Пропало ощущение седла и стремян, и Андрей, словно одно целое с гнедым, уже сам двигался по невидимой тропе, припадая лицом к гриве гнедка или откидываясь назад, и вместе они держались какого-то ритма, так что гнедко скоро заметно повеселел, раза два или три поржал, задрав чуть розовую морду с пестрыми губами, на которых повсюду торчали тонкие прямые волоски, и приветливо покосил на Андрея прозрачно-сизым глазом, не переставая при этом торопливо жевать и ронять капли зеленой пены.
Запах трав и деревьев слился с запахом гнедка, пение птиц и перезвон ручьев — с цоканьем подков, и, приподнятый над землей, оказавшись на уровне как раз самых лохматых и раскидистых ветвей кедров и лиственниц, Андрей уже видел, будто он приехал в кедрач с буроземами и берет образцы этих буроземов.
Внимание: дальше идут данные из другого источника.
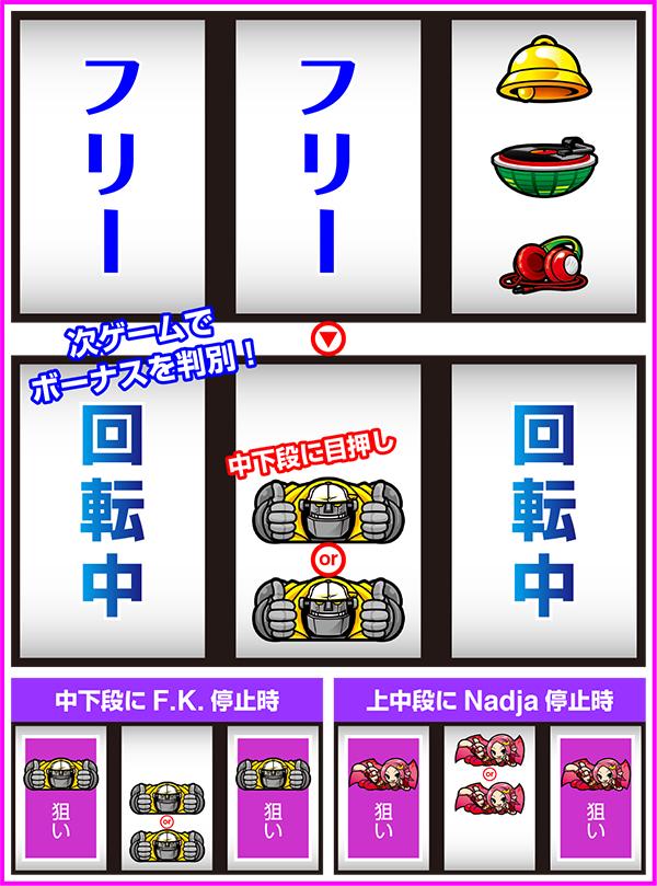 ボーナスはBIGのみで、SIDE-A(同色)とSIDE-B(異色)の2種類。ともに、消化中に技術介入をおこなうことで最大獲得枚数を獲得することができる。また、BIG終了後のRT突入率は60%と、ボーナスとRTをループさせることでの出玉増加にも期待が持てる。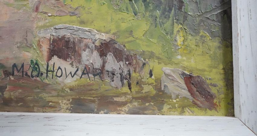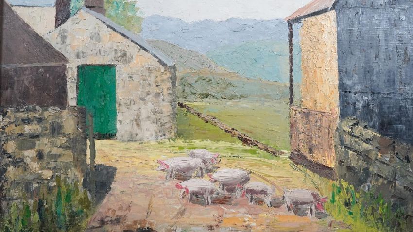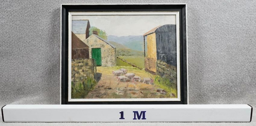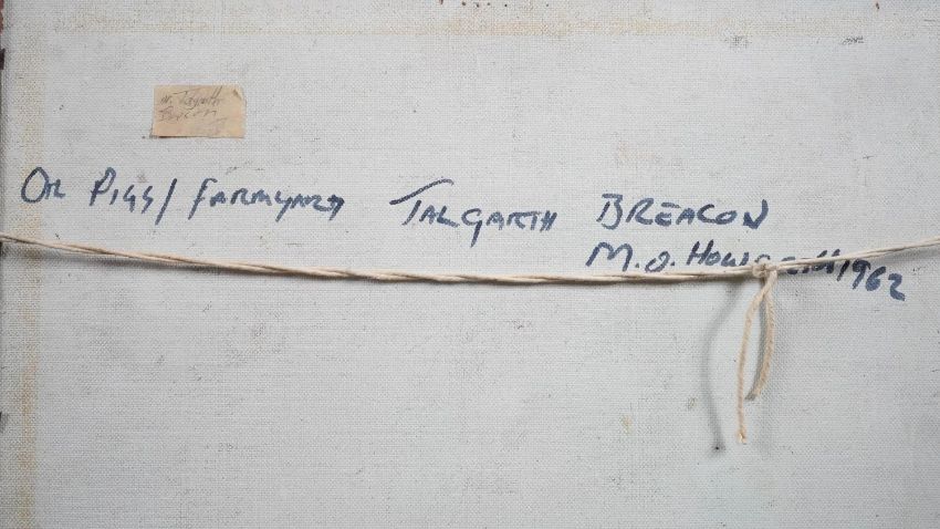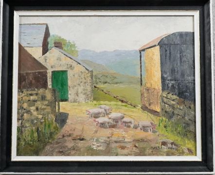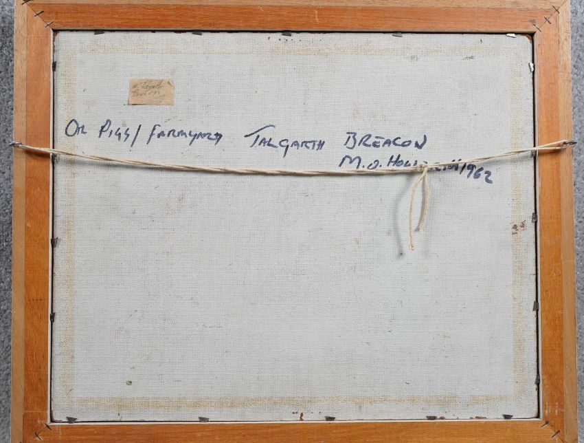 A framed oil on canvas, pigs in a farmyard in Breacon, signed M O Howarth and inscribed to the reverse. H.48 W.59cm

Временами тропа выбегала на крутобокий, выжженный солнцем и осыпанный мелким камнем берег реки, и тогда внизу начинала сверкать зеленая-зеленая вода, но зелень ее была совершенно ни на что не похожа вокруг, она была прозрачной, каждое мгновение готовой раствориться в отражениях облаков и в то же время очень глубокой.
В таких местах тропа двоилась, троилась, и одна чуть повыше другой узкими ступенями прорезала берег, а Лопарев то и дело ловко перебрасывал ноги на одну сторону седла и оказывался лицом к Андрею.
При этом Михмих часто щурился, снимал картуз и натягивал его на пологую луку алтайского седла, — даже удивительно было, на чем картуз держится. Прищурившись и помолчав, он из-под руки оглядывал далекие вершины, а на плавном, словно циркулем очерченном, повороте сказал Андрею:
— Значит, по буроземы?
В словах было что-то настороженное. Андрей догадался — Лопарев думал, что открытие буроземов на Алтае будет встречено отцом равнодушно и недоверчиво: поправки к почвенной карте Алтая заставили бы изменить и «Карту растительных ресурсов».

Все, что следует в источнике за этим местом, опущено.